Assignment
For this exercise, please transcribe exactly and only the lines from the one containing "Ghalib Qureshi's Maroon" through the end of the material, both ends included, without pictures.

══════

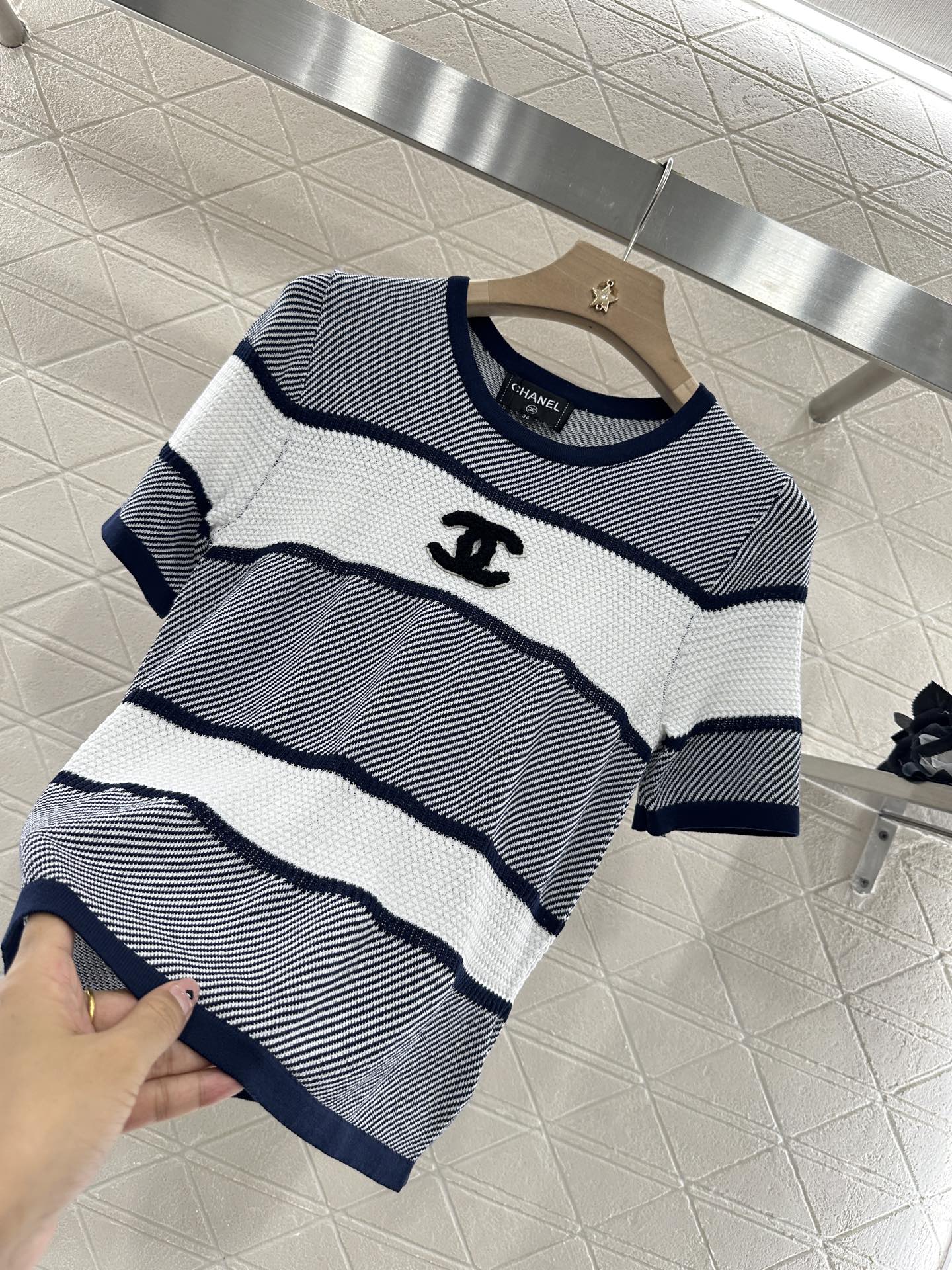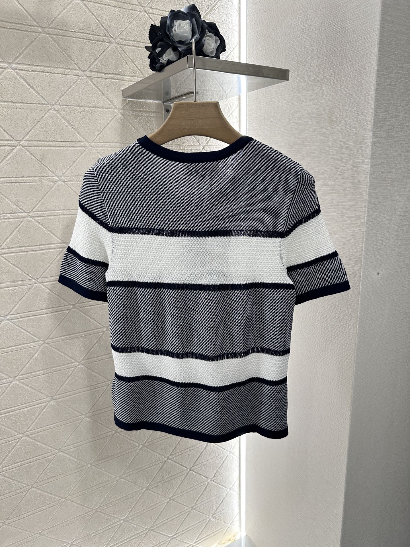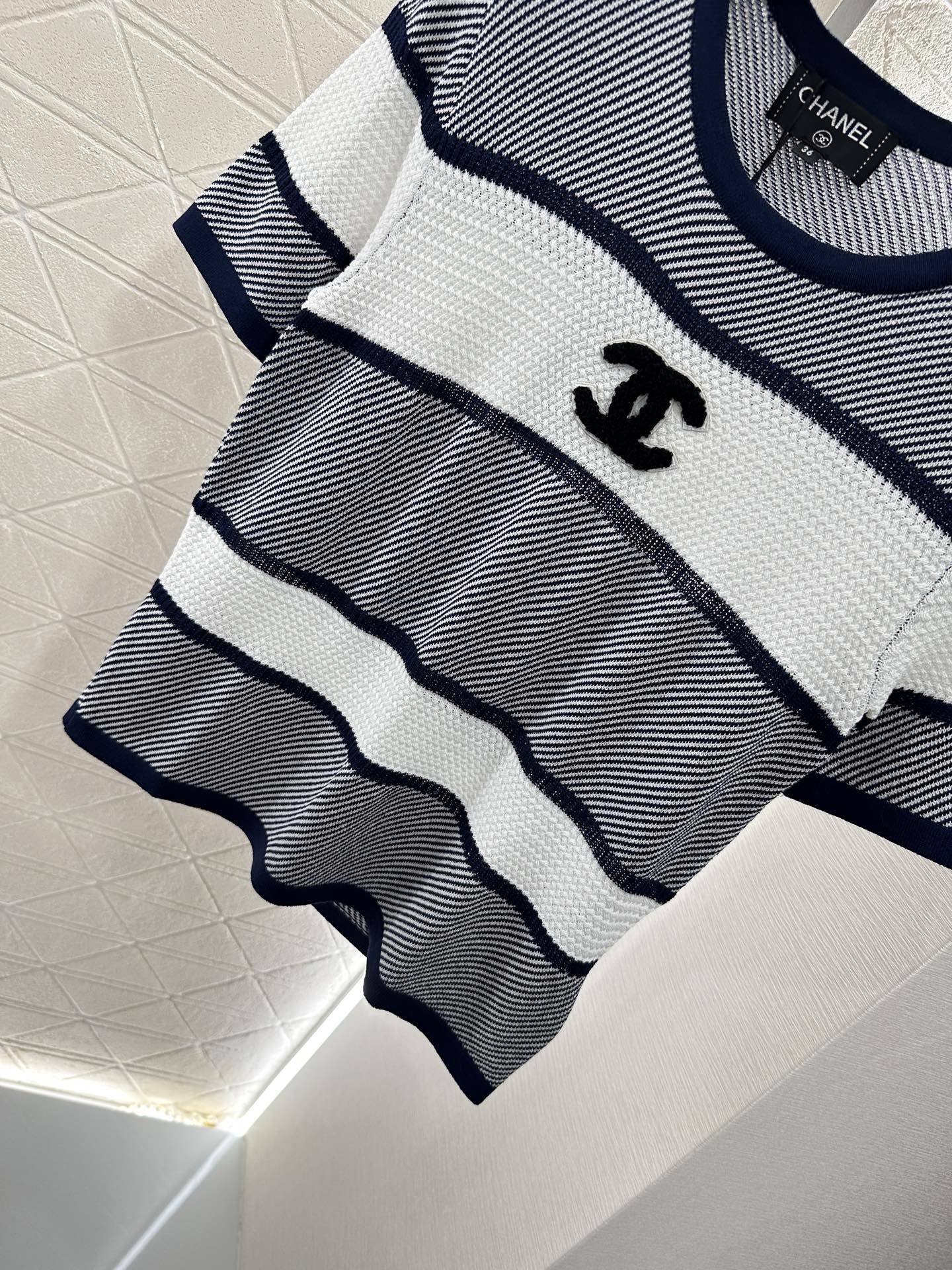 Chanel 25 T-shirt Black White Patchwork Knitted Crewneck
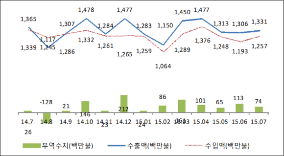 20일 부산세관이 발표한 '2015년 7월 부산지역 수출입 동향'에 따르면, 전년동월 대비 수출은 2.1% 감소한 13억3천만 달러, 수입은 6.2% 감소한 12억6천만 달러를 기록하며 무역수지 7천만 달러 흑자를 기록했다.
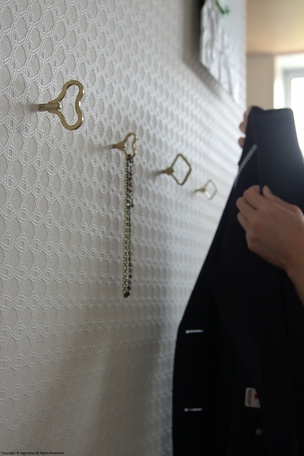 - フックを取り付ける場所は、しっかりした木製下地のある場所で使用して下さい。石膏ボードや薄い木板には取り付けできません。
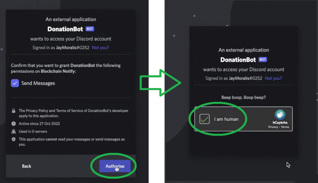 To finalize this step of building a Discord bot for crypto, you’ll also need to click on the “Authorize” button and confirm that you are human:
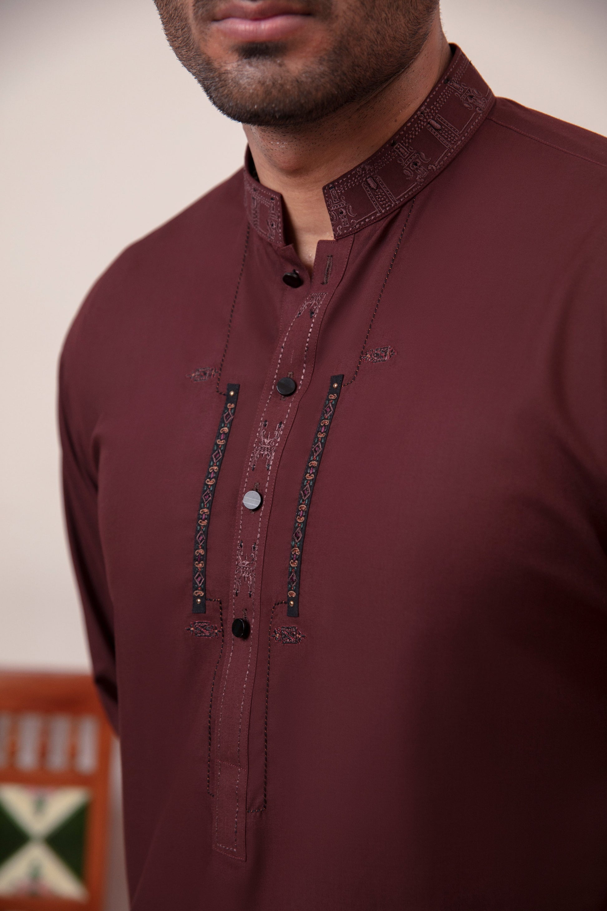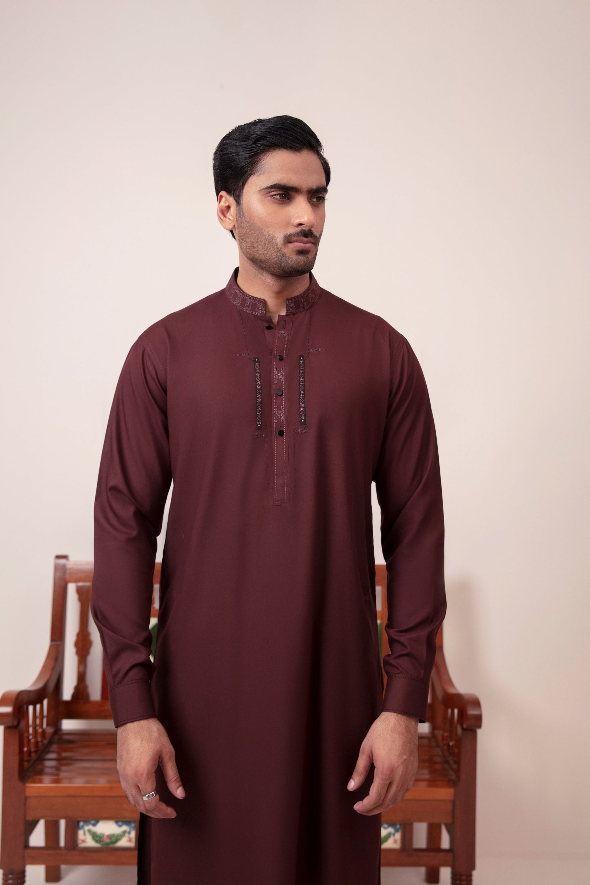 Ghalib Qureshi's Maroon Blended Kameez Shalwar, featuring intricate embroidery on the collar, front, and cuffs, adorned with elegant metal buttons. Crafted for summer comfort, this versatile suit effortlessly transitions between casual and festive occasions, offering both style and breathability.
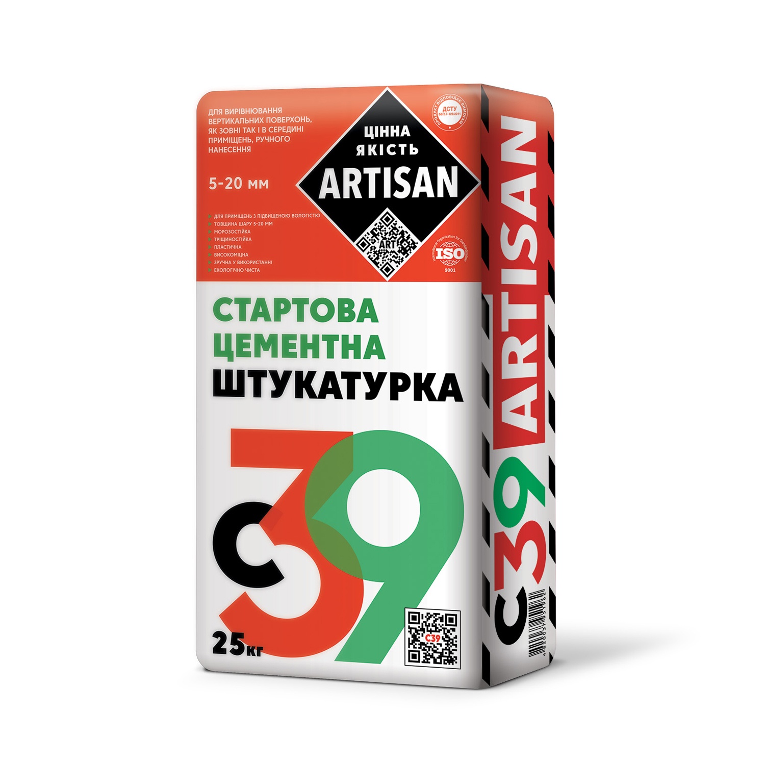 Artisan C-39 – це стартова цементна штукатурка , ручного нанесення застосовується всередині та зовні приміщень для вирівнювання вертикальних поверхонь, швів між панелями, ремонту щілин та отворів, обробки відкосів, арок тощо, шаром нанесення 5-20 мм на будь-які мінеральні поверхні (бетонні, кам’яні, цегляні, піно-газобетонні). Суміш завдяки спеціальним добавкам, зручна у використанні, має високу адгезію до основи, пластична, морозостійка, паропроникна, не утворює тріщини.

══════

Task response
 Ghalib Qureshi's Maroon Blended Kameez Shalwar, featuring intricate embroidery on the collar, front, and cuffs, adorned with elegant metal buttons. Crafted for summer comfort, this versatile suit effortlessly transitions between casual and festive occasions, offering both style and breathability.
 Artisan C-39 – це стартова цементна штукатурка , ручного нанесення застосовується всередині та зовні приміщень для вирівнювання вертикальних поверхонь, швів між панелями, ремонту щілин та отворів, обробки відкосів, арок тощо, шаром нанесення 5-20 мм на будь-які мінеральні поверхні (бетонні, кам’яні, цегляні, піно-газобетонні). Суміш завдяки спеціальним добавкам, зручна у використанні, має високу адгезію до основи, пластична, морозостійка, паропроникна, не утворює тріщини.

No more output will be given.